My interest in blood stem cells and cord blood dates back to my fellowship in Pediatric Hematology/Oncology at Duke. During my fellowship, I worked on the development of novel antileukemia drugs based on analogs of purine metabolism and treated a teenage patient with refractory T‐cell acute lymphoblastic leukemia with a novel anti‐leukemia drug, 2′‐deoxycoformycin, an inhibiter of adenosine deaminase. During 5‐day course of therapy, his leukemia converted from a T‐lymphoid to a myeloid phenotype before our eyes 1. I subsequently established a cell line from these leukemic cells, DU‐528 and, ultimately, proved that this leukemia arose from a common lymphoid‐myeloid progenitor cell 2, which then led me to the study of hematopoietic stem and progenitor cells. Hal Broxmeyer, who would go on to become a pioneer in the use of cord blood as a source of donor cells for bone marrow reconstitution, mentored me as I studied normal and malignant hematopoietic stem cells isolated from bone marrow, fetal liver, and umbilical cord blood. In the clinic, I cared for children with leukemias and blood dyscrasias, including a young boy named Matthew Farrow from Salisbury, NC, with Fanconi anemia (FA) and evolving bone marrow failure. This genetic disease, which arises from a mutation in genes that encode the enzymes responsible for DNA repair, is associated with a host of serious medical and developmental problems. The prognosis for Matthew's condition was stark: most children with Fanconi anemia died of bone marrow failure or leukemia in the first decade of life, unless treated with a bone marrow transplant from a human leukocyte antigen (HLA)‐matched donor.

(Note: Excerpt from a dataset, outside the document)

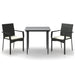 3-tlg. Garten-Essgruppe mit Kissen Schwarz Poly Rattan
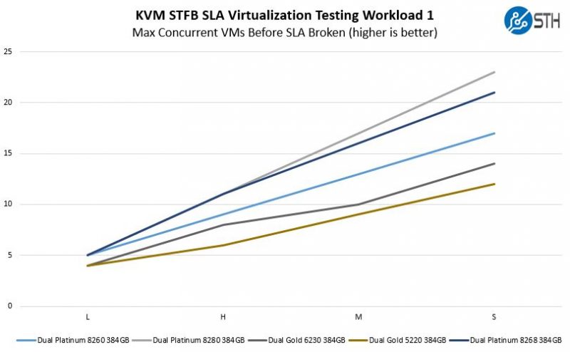One of the other workloads we wanted to share is from one of our DemoEval customers. We have permission to publish the results, but the application itself being tested is closed source. This is a KVM virtualization-based workload where our client is testing how many VMs it can have online at a given time while completing work under the target SLA. Each VM is a self-contained worker.

Matthew did not have a living related matched donor, but when his mother became pregnant with another baby, the unborn fetus was tested to see if she was affected with FA and, if not, was a match for Matthew. An amniocentesis was performed and samples were sent to Arlynn Auerbach, a renowned researcher at the Rockefeller University in New York who was the first to describe the mutations responsible for Fanconi anemia and who established the FA patient registry 3. Dr. Auerbach confirmed that Matthew's sibling was healthy and an HLA identical match. What happened next was a remarkable convergence of insight, dedication, and cooperative innovation in this emerging therapeutic area.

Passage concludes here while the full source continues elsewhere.